Longtime Portland bookseller enjoys community support after move.

By Judy Wayne

In 1977, when Andrea Drinard opened her now iconic secondhand bookstore Paper Moon, she started with a paltry 200 books.

“I really wasn’t sure what I was doing back then. I just loved reading,” says Drinard. “I was selling books in my previous antique dealing business and through Books for Sale listings in periodicals. My success was encouraging. I started to live and dream books.

‘“In the 1970’s books were extremely popular and rents relatively cheap, so I acted on my instincts and opened a bookstore. Next thing I knew, people were taking books off the shelves and handing me money for them. It was the oddest thing. I couldn’t believe it. It really just kept growing from there.”

Today, Drinard is a highly-regarded well-established member of Portland’s book community, who in addition to dealing, conducts appraisal services for private citizens, estates, historical societies and other businesses. Paper Moon Bookstore, now located on SE 47th and Belmont, carries fiction, poetry, non-fiction, philosophy, children’s, art, politics, women’s studies, religion, and history.

Drinard has many options to fulfill her favorite pastime of reading as she is surrounded daily by literally thousands of titles.

Secondhand book dealers are part of a tight-knit community of Portland literary enthusiasts, who form a web of impressive book knowledge beyond the block-long, three-story tourist favorite, Powell’s City of Books.

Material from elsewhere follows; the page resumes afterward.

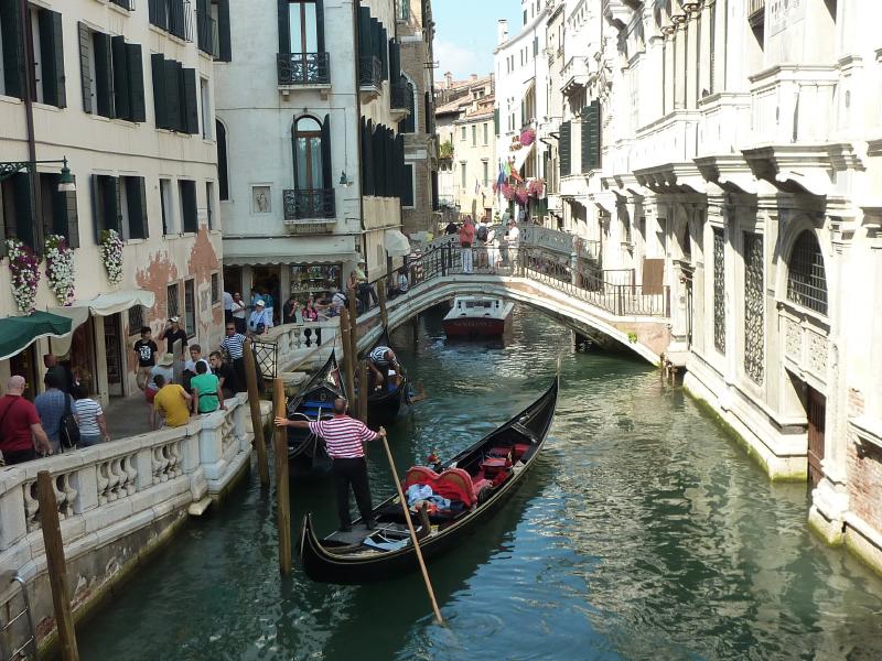 そろそろ出かけますか。ホテルの場所がわかってしまうと簡単なのだが、一本間違うとなかなかたどり着けなくなるのがつらいところ。まあこれがベネチアだよね。日差しが強いのでなるべく日陰を選んで歩こう。まずはサンマルコ広場へ。久しぶりだなあ。寺院や鐘楼には後で行くとして、まずは昼ごはんだ。聖堂横の道を少し歩いていくと、トラットリアやピツェリアがたくさんある。でもやっぱり目立つのはジェラテリアかな。あまりの暑さにあっという間に溶けてしまいそうだけどね。

In addition to established storeowners like Drinard, other types of book dealers might bring their wares to flea markets, conduct their business from a mini-shop at an antique mall, or specialize in a subject and sell directly from their homes to a narrow clientele.

It’s a challenge for book dealers to maintain brick-and-mortar shops in Portland’s booming real estate market with its ever-rising rents and Drinard is no exception. The first Paper Moon opened in a transformed former United States Post Office on SE 35th and Hawthorne, and the store has occupied five other locations since: four in the Hawthorne/Belmont area, and one downtown, during a brief stint across from the public library.

In May, 2017, an unforeseen rent hike pushed Drinard out of an expansive space on Belmont and 47th and into a smaller, less ideal location directly across the street, and she began the herculean task of moving Paper Moon’s roughly 40,000 books.

Still adjusting to her new location, she faces an unusual new task: paring down her inventory. Even though she has less room and is already overstocked, it is difficult for her to stop buying books, and she encourages customers to bring in and sell.

“I always take a look because you never know what you’ll find. I buy books that are in good condition and most salable. It is hard to explain to the general public what I need in the store. Best-sellers have generally saturated the market. I stick to classics in literature and older books that are hard-to-find. I am also interested in scholarly subjects. I have to rely on spotting books instinctively which might not stick out to the uninformed eye.”

Drinard enjoys the luck-of-the-draw approach to acquiring inventory, the hunt for the diamond in the rough. “It keeps things exciting. Some of the best books on my shelves are brought in from someone’s grandmother’s collection.”

Although she has yet to put much signage up to attract customers, a sandwich board on the sidewalk brings in neighbors and passersby, who stop in to express relief that she is still in business. Drinard, unapologetically enjoying the clutter, stations herself in the front at an antique wooden desk that is covered with a disarray of books, postcards and papers.

Well-established customers, who have evolved into friends after years of patronage, stop in to say hi and chat. Some bring in fruits and vegetables from their gardens, others have books to sell. Quieter patrons walk in and are engrossed for long periods, slowly digesting all the options, then emerging with special finds at the front counter, cash in hand.

The copiously cluttered shelves of the Paper Moon are perused by local literary giants such as Chuck Palahniuk and Lidia Yuknavitch, by high profile Pacific Northwest celebrity artists like Dale Chihuly, and by local graphic designers who come in to gain vintage inspiration for their craft.

The most uttered phrase that one hears in Paper Moon is, “I love your store.”

It is clear that community members believe Paper Moon personifies the area’s grassroots, neighborhood spirit, and are comforted by its low-tech presence amongst newer, higher profile, businesses that have moved in on quickly gentrifying Belmont Street.

While modern devices like the Kindle may have created a “novel” approach to purchasing and storing our literature, they also serve to remind us that the calculated efficiency of an electronic device is no substitute for the tactile, visceral pleasure of the book object itself.

The public’s love of books and the need for connection and community will keep our favorite independent bookstores, like Paper Moon, alive in Portland.

Longtime Portland bookseller enjoys community support after move.